■ What to work on
From the first line below to the last, reproduce the material exactly and leave out the images.

■ Material provided
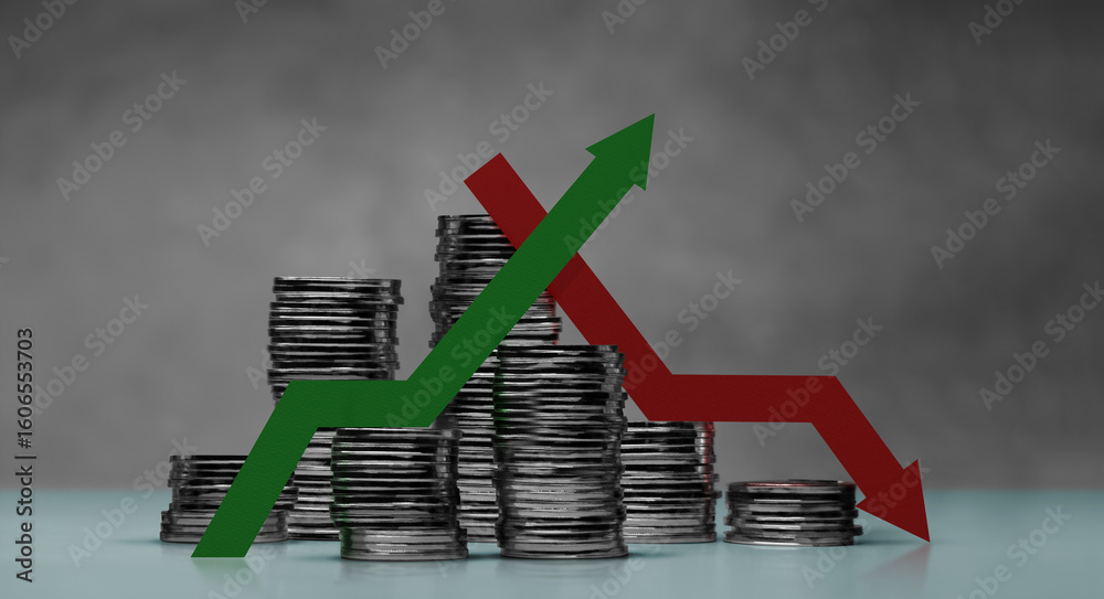 Tableau sur toile Coins Stacked with intersecting red green arrows represent financial volatility
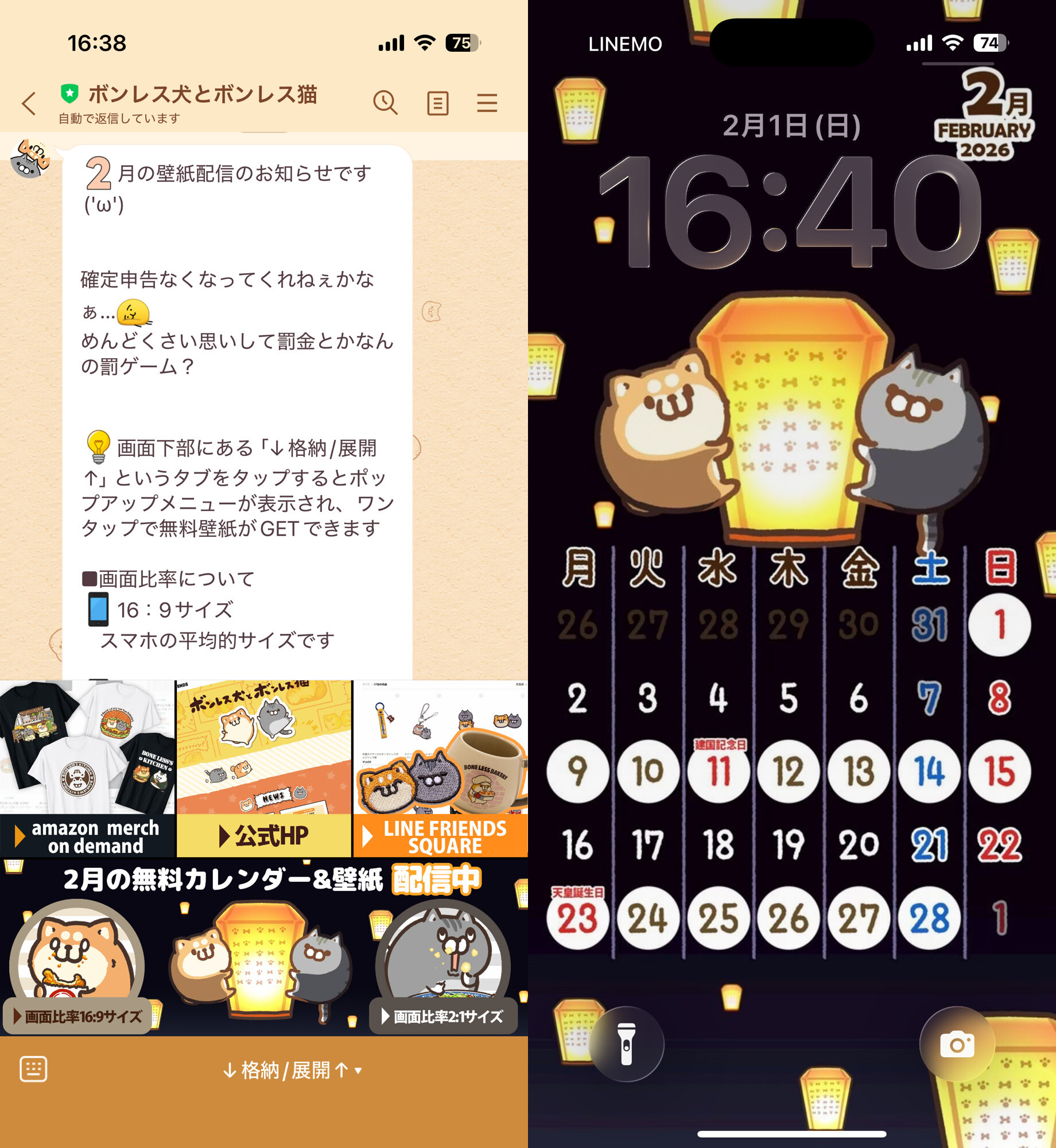 ボンレス犬猫さんのカレンダーを iPhone 17 Pro にセットだん
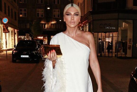 Bela, dugačka haljina na ivicama je imala perje, jedno rame je bilo golo, a njeni atributi su se diskretno ocrtvali.

■ Solution to this task
 Tableau sur toile Coins Stacked with intersecting red green arrows represent financial volatility
 ボンレス犬猫さんのカレンダーを iPhone 17 Pro にセットだん
 Bela, dugačka haljina na ivicama je imala perje, jedno rame je bilo golo, a njeni atributi su se diskretno ocrtvali.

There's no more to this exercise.